### Task item:
Below are some records. Write out exactly their lines from the one with "O Revestimento Decorativo" through the one with "Canvas Schilderij Boeddha, Stenen", and leave the pictures behind.

### Record set:
————————
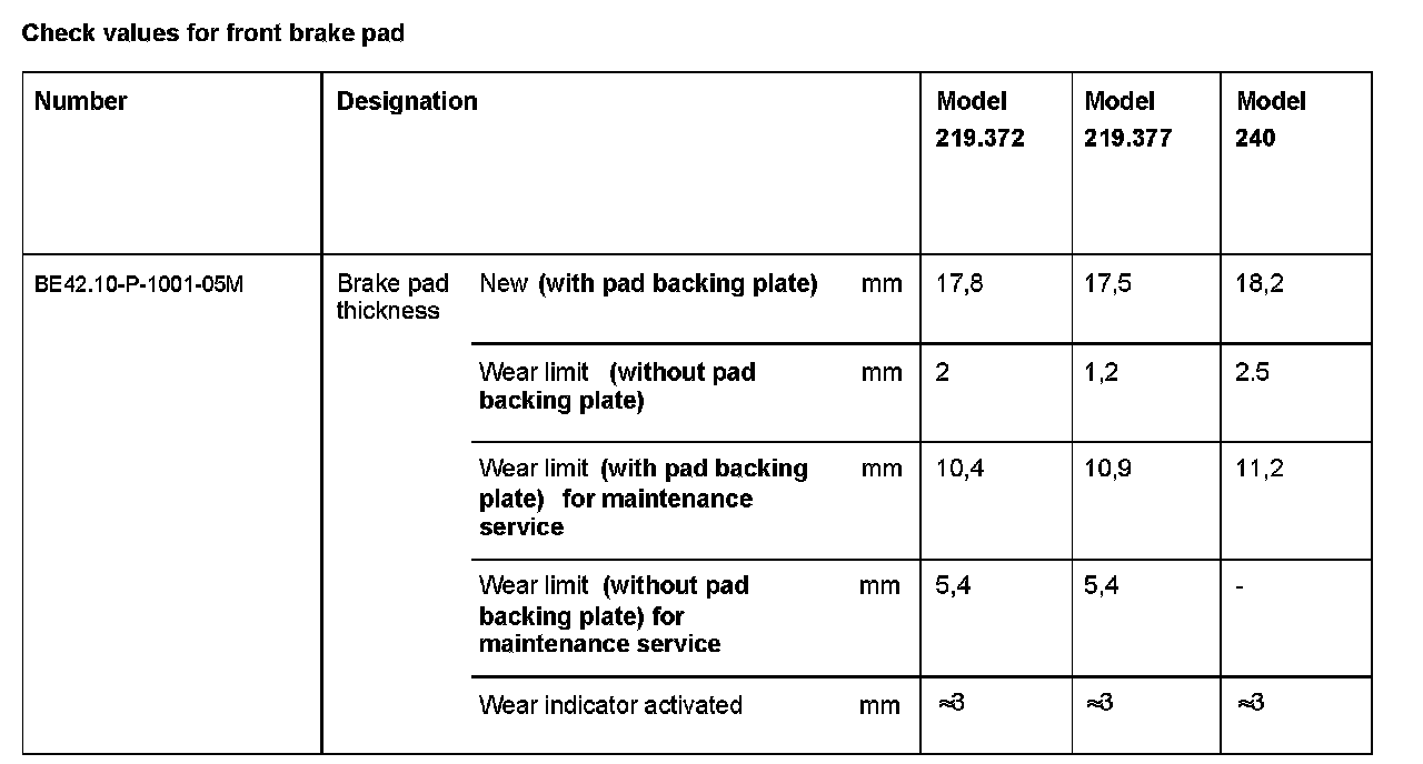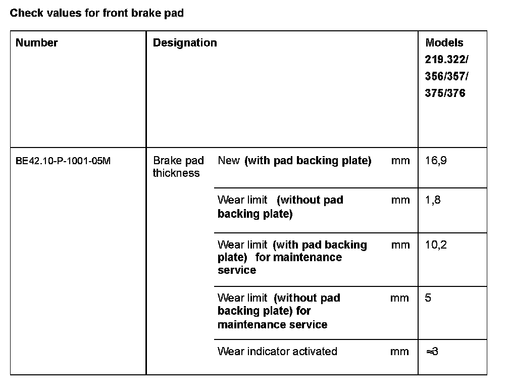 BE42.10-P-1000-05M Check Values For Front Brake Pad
————————
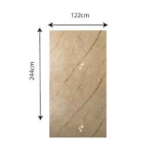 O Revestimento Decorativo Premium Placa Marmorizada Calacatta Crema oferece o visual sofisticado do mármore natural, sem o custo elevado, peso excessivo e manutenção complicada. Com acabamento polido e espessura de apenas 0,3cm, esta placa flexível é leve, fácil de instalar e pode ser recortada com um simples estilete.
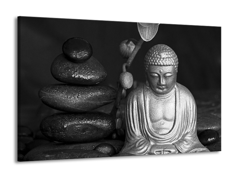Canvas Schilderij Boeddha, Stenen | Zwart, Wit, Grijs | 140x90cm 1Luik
————————
### Result of this task:
 O Revestimento Decorativo Premium Placa Marmorizada Calacatta Crema oferece o visual sofisticado do mármore natural, sem o custo elevado, peso excessivo e manutenção complicada. Com acabamento polido e espessura de apenas 0,3cm, esta placa flexível é leve, fácil de instalar e pode ser recortada com um simples estilete.
Canvas Schilderij Boeddha, Stenen | Zwart, Wit, Grijs | 140x90cm 1Luik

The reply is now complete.